**Exercise details**
In the material below, list every line carrying the string "Silver".

**Provided information**

Content starts

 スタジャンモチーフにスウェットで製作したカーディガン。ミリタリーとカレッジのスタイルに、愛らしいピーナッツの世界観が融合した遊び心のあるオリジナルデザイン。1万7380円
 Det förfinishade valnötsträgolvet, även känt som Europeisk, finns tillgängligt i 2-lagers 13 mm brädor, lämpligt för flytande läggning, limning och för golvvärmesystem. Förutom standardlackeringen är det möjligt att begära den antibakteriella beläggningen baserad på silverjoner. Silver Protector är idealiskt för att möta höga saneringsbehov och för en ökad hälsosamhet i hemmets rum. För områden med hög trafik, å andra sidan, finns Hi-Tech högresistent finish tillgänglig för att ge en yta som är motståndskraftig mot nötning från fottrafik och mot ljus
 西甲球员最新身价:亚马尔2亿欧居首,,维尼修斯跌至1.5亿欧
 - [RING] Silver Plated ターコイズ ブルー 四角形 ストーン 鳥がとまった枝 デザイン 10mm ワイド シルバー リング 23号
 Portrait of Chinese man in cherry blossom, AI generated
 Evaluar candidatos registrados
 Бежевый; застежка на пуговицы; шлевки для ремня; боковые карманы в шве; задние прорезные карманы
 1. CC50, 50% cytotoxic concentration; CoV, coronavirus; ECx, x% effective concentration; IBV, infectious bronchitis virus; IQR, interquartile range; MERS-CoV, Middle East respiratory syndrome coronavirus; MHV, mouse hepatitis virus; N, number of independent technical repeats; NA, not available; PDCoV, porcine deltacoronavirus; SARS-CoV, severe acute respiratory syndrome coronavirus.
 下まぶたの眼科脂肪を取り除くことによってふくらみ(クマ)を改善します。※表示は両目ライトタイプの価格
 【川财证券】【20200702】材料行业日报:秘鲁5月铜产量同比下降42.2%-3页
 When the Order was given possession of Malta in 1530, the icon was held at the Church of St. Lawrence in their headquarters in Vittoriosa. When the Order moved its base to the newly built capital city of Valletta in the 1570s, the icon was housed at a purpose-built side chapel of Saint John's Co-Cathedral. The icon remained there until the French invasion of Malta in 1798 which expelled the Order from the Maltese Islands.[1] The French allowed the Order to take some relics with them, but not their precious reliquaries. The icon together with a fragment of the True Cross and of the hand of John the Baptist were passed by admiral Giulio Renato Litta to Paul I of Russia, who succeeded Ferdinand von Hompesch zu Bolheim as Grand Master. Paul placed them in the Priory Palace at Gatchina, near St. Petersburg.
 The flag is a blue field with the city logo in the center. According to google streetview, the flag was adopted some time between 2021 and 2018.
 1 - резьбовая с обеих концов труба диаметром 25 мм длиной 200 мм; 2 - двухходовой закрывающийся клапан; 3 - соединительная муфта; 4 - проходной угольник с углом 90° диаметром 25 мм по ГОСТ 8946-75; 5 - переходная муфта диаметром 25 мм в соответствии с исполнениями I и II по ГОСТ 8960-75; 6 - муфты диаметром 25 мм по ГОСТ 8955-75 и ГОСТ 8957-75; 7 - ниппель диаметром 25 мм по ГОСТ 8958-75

Content ends
Content starts

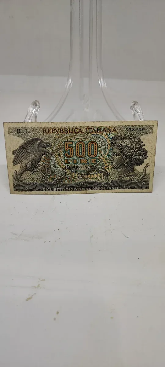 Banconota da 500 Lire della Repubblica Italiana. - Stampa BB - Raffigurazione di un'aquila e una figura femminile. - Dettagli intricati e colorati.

Content ends
Content starts

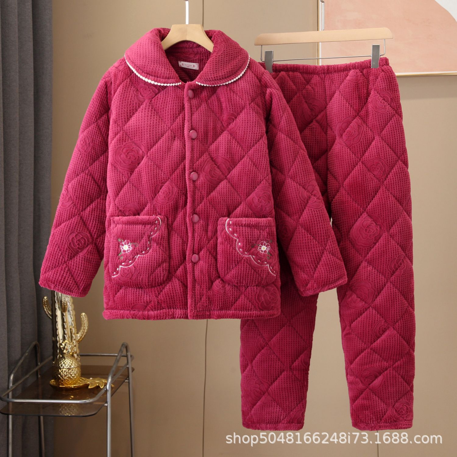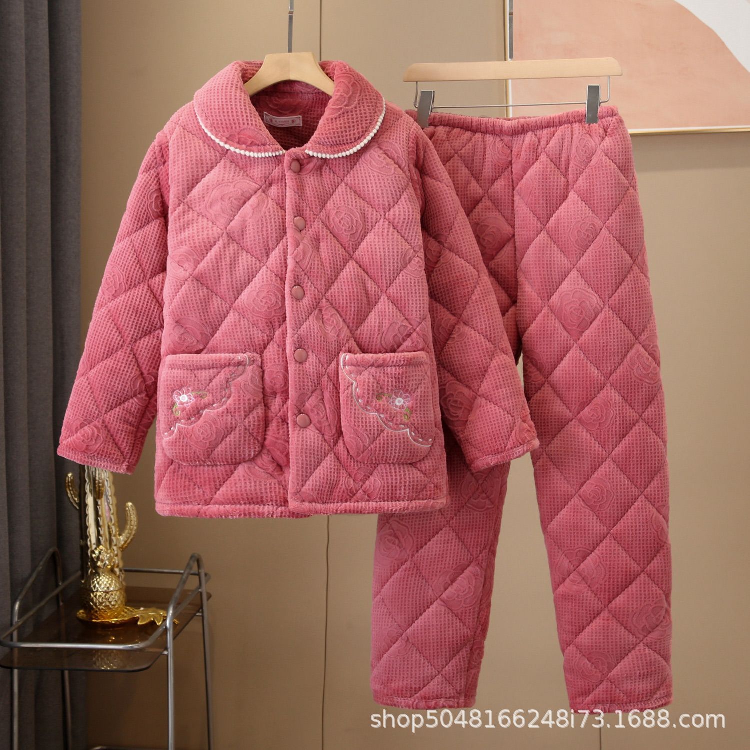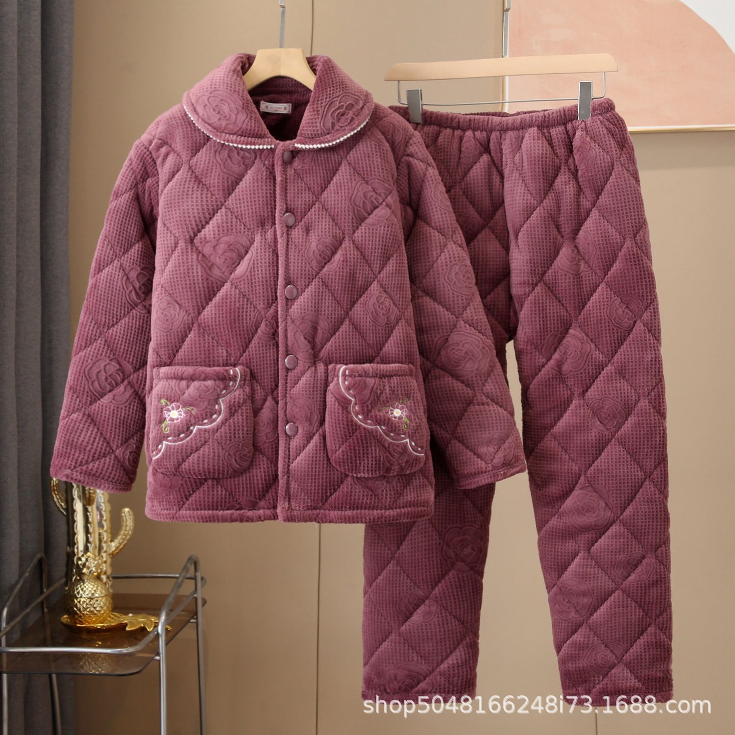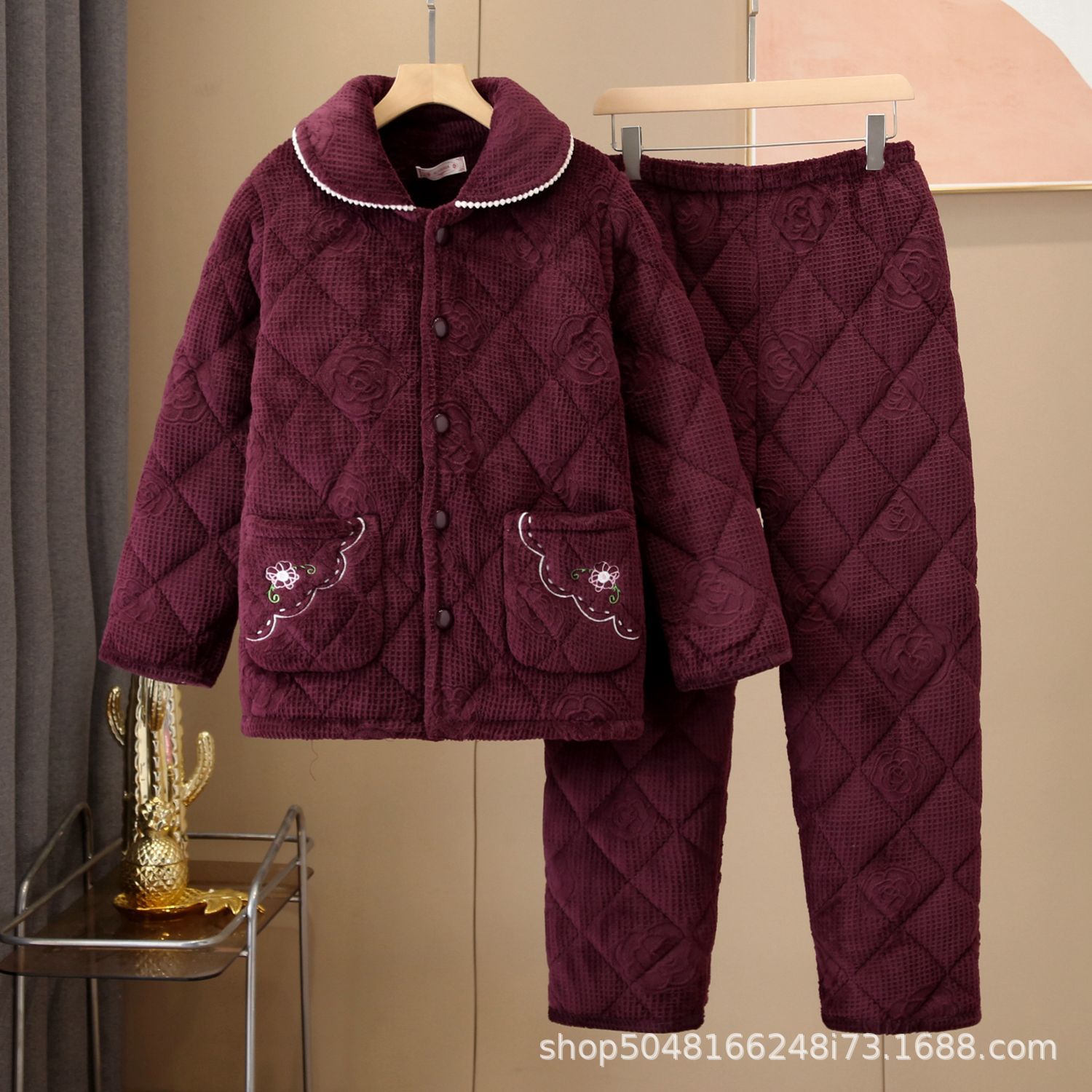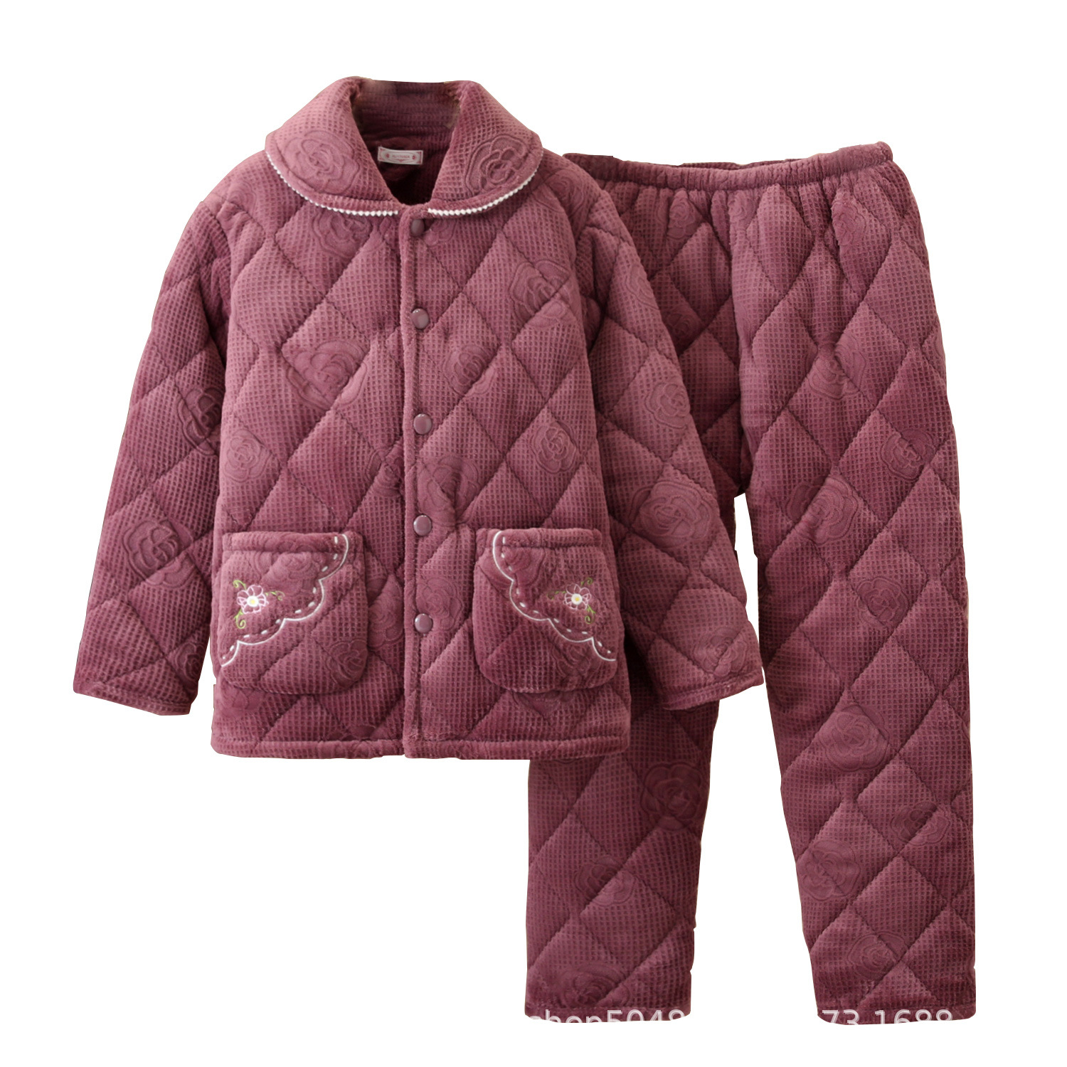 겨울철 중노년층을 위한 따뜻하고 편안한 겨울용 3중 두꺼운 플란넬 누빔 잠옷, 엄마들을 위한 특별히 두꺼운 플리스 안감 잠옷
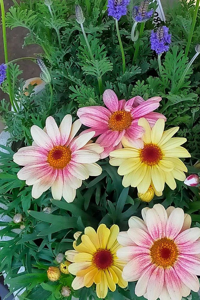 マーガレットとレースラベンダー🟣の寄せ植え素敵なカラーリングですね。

Content ends

**Finished exercise**
 Det förfinishade valnötsträgolvet, även känt som Europeisk, finns tillgängligt i 2-lagers 13 mm brädor, lämpligt för flytande läggning, limning och för golvvärmesystem. Förutom standardlackeringen är det möjligt att begära den antibakteriella beläggningen baserad på silverjoner. Silver Protector är idealiskt för att möta höga saneringsbehov och för en ökad hälsosamhet i hemmets rum. För områden med hög trafik, å andra sidan, finns Hi-Tech högresistent finish tillgänglig för att ge en yta som är motståndskraftig mot nötning från fottrafik och mot ljus
 - [RING] Silver Plated ターコイズ ブルー 四角形 ストーン 鳥がとまった枝 デザイン 10mm ワイド シルバー リング 23号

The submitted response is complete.